──────── Material for this task

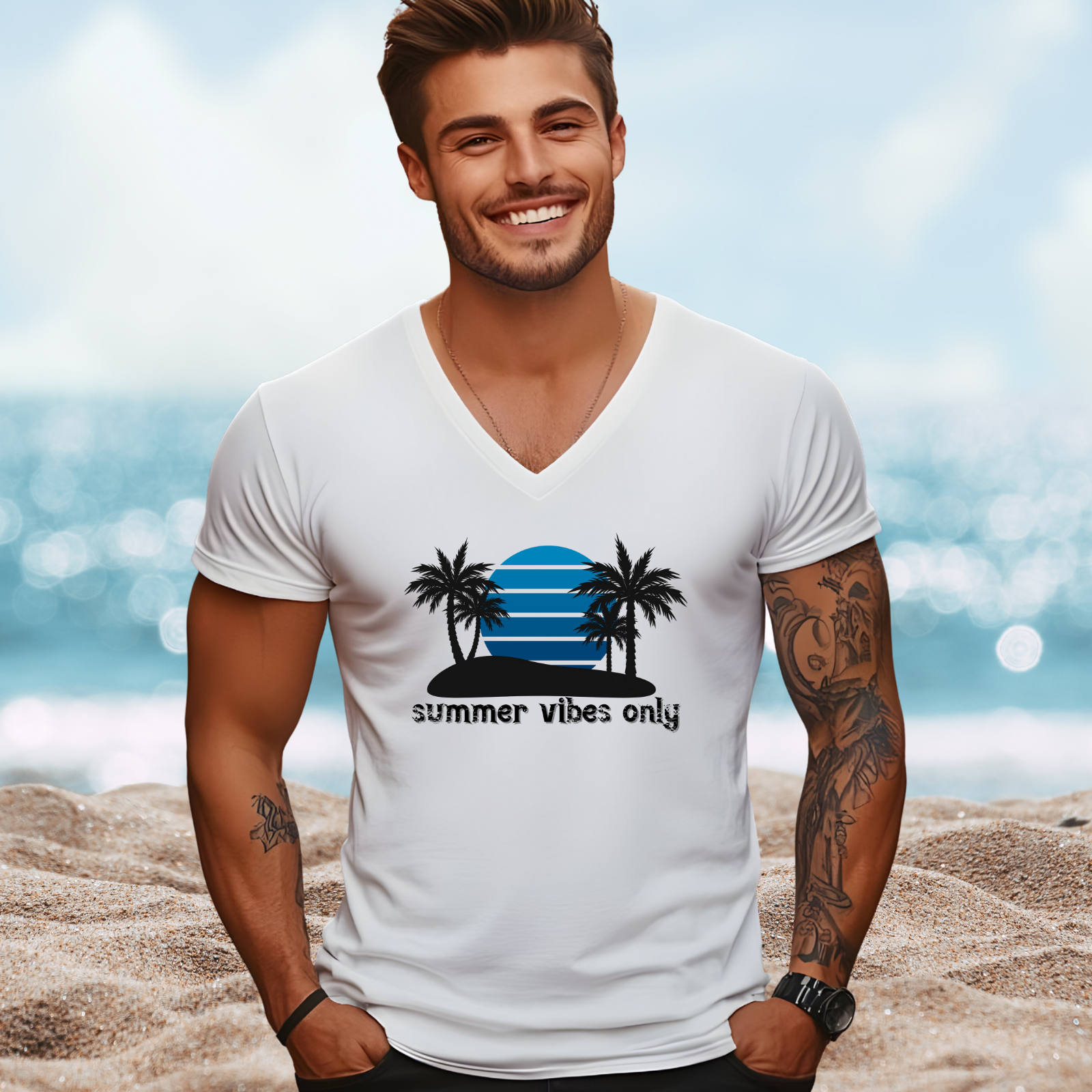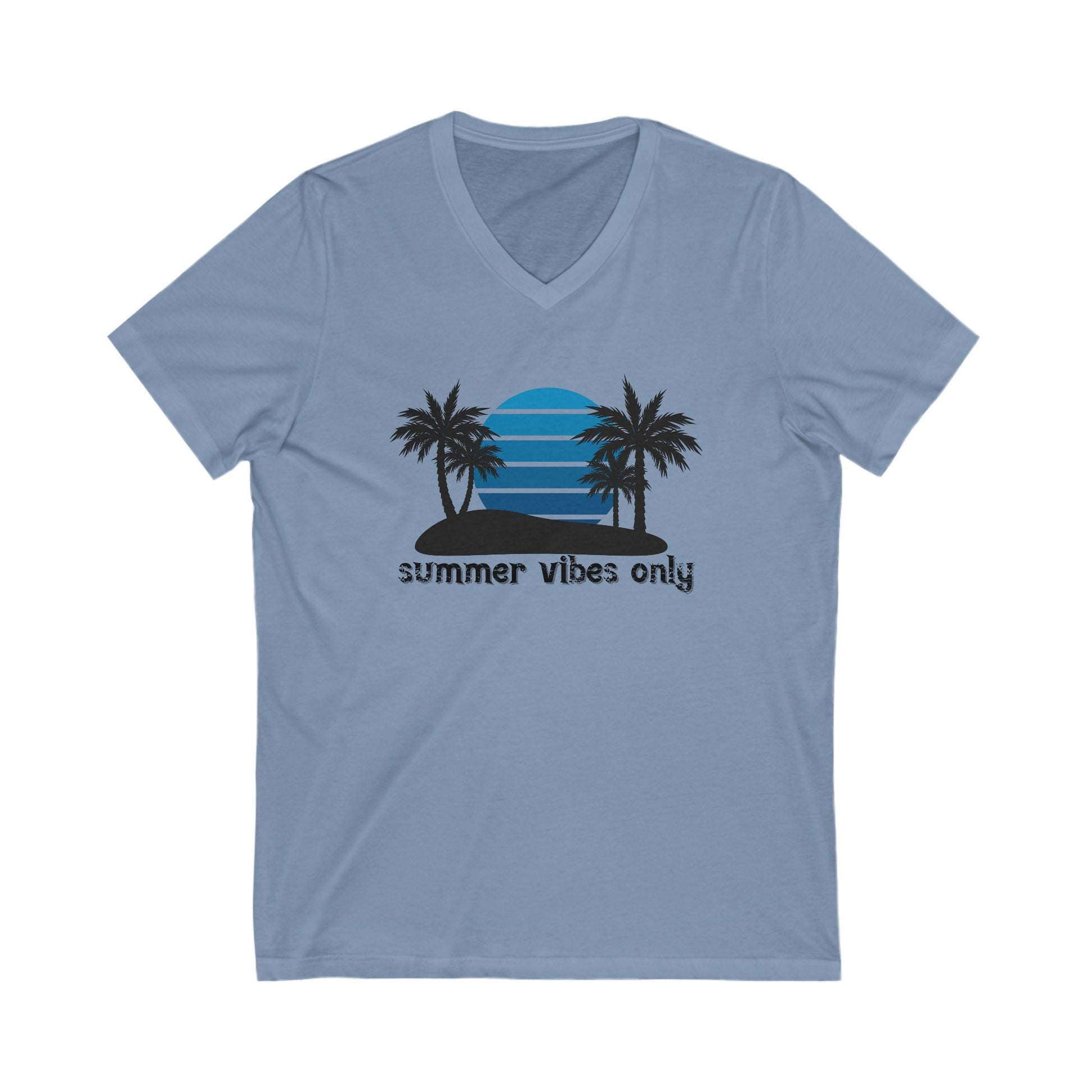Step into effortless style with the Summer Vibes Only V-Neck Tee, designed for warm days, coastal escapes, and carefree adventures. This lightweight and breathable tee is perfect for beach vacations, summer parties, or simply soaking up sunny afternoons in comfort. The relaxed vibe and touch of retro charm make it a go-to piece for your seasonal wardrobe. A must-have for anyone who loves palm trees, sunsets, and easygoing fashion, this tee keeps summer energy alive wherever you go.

────────────────
──────── Material for this task

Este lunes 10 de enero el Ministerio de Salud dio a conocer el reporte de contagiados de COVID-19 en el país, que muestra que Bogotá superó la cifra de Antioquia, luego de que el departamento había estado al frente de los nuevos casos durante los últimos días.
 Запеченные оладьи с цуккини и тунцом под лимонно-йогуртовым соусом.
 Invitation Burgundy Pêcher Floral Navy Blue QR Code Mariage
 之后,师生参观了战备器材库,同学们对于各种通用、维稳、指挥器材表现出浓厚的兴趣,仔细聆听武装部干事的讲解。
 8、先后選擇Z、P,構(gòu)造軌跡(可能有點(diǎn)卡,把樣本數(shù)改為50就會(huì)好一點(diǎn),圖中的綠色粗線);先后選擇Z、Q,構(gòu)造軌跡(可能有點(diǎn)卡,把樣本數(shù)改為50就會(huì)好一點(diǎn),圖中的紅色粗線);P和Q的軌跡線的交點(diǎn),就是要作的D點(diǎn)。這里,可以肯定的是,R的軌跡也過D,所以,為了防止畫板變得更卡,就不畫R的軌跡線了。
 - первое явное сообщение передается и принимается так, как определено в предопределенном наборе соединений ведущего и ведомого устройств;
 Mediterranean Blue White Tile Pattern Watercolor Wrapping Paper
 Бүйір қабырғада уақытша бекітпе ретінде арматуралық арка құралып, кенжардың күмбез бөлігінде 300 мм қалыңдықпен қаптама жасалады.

────────────────
──────── Material for this task

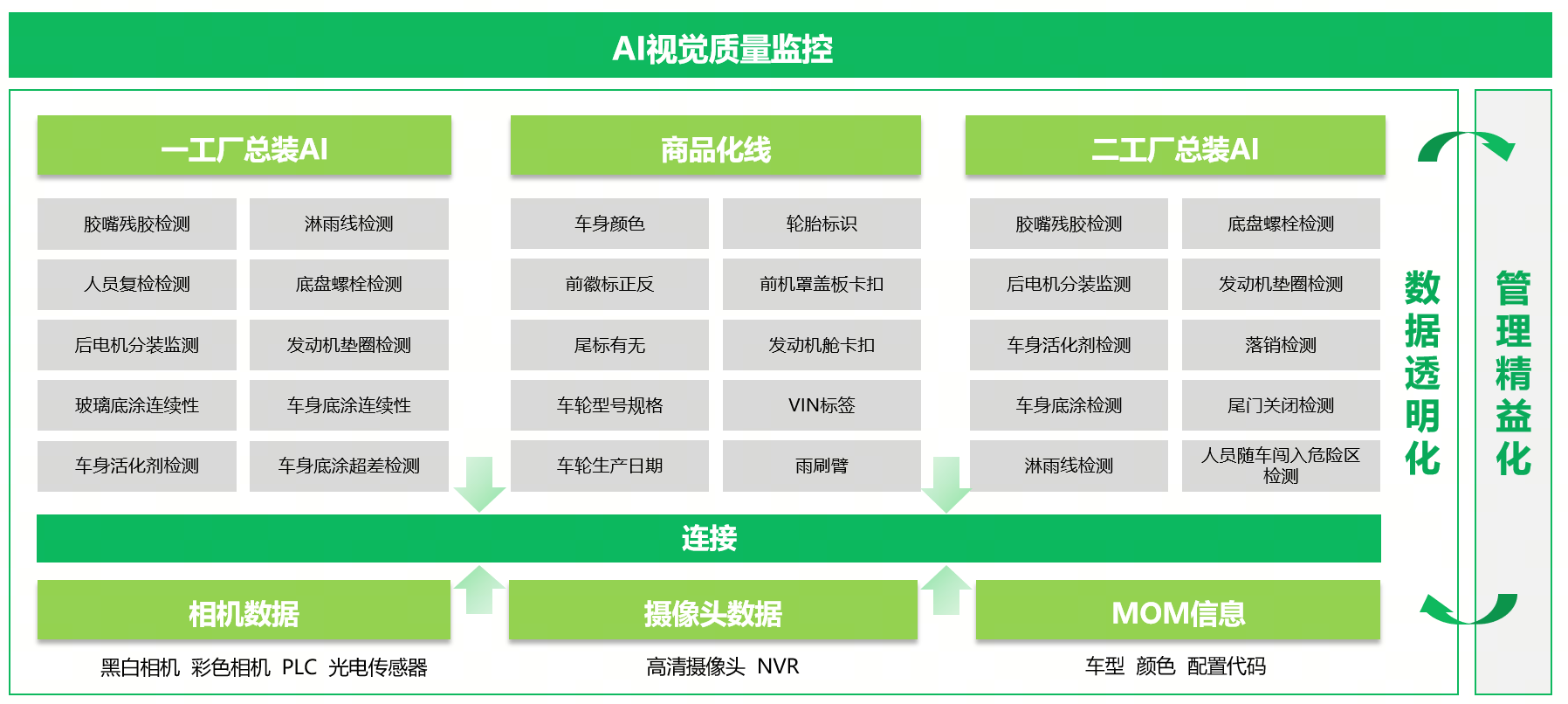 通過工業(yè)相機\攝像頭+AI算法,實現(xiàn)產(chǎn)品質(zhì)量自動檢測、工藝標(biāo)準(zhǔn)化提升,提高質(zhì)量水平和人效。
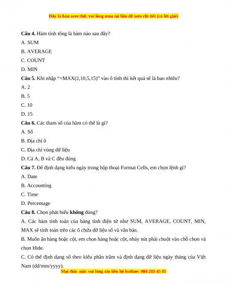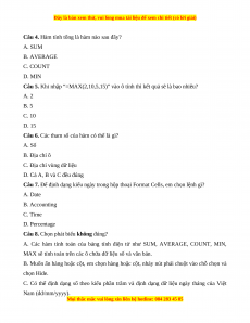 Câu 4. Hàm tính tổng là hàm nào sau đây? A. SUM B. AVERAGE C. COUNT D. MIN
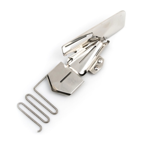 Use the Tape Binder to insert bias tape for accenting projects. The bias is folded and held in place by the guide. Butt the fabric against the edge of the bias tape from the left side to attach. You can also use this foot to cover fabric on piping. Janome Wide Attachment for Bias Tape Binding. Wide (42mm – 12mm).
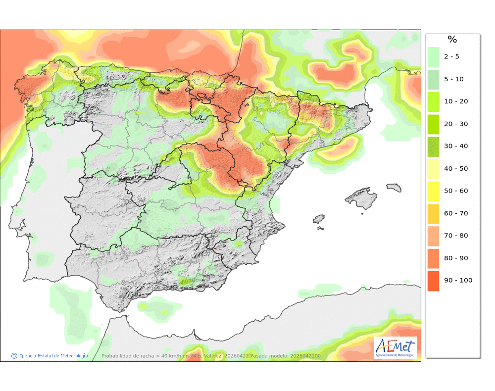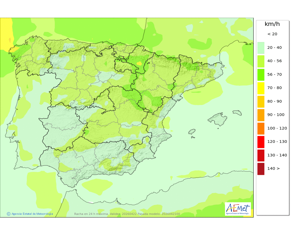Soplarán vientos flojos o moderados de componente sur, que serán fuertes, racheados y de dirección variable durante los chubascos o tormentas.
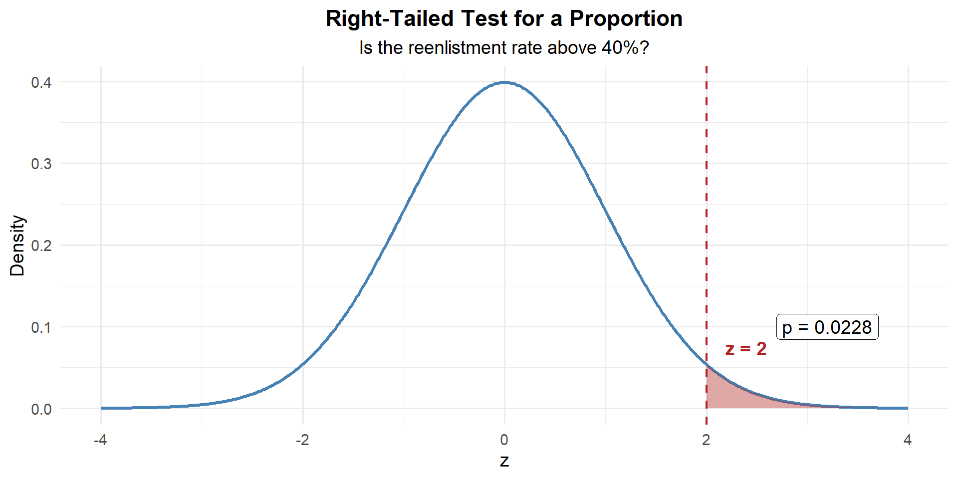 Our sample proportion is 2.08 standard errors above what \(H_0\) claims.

────────────────

■ **Work to complete**
From the entries above, write out only the lines starting at the line that holds "Este lunes 10" and ending at the line that holds "Invitation Burgundy Pêcher", keeping both and matching them exactly.

■ **Expected answer**
Este lunes 10 de enero el Ministerio de Salud dio a conocer el reporte de contagiados de COVID-19 en el país, que muestra que Bogotá superó la cifra de Antioquia, luego de que el departamento había estado al frente de los nuevos casos durante los últimos días.
 Запеченные оладьи с цуккини и тунцом под лимонно-йогуртовым соусом.
 Invitation Burgundy Pêcher Floral Navy Blue QR Code Mariage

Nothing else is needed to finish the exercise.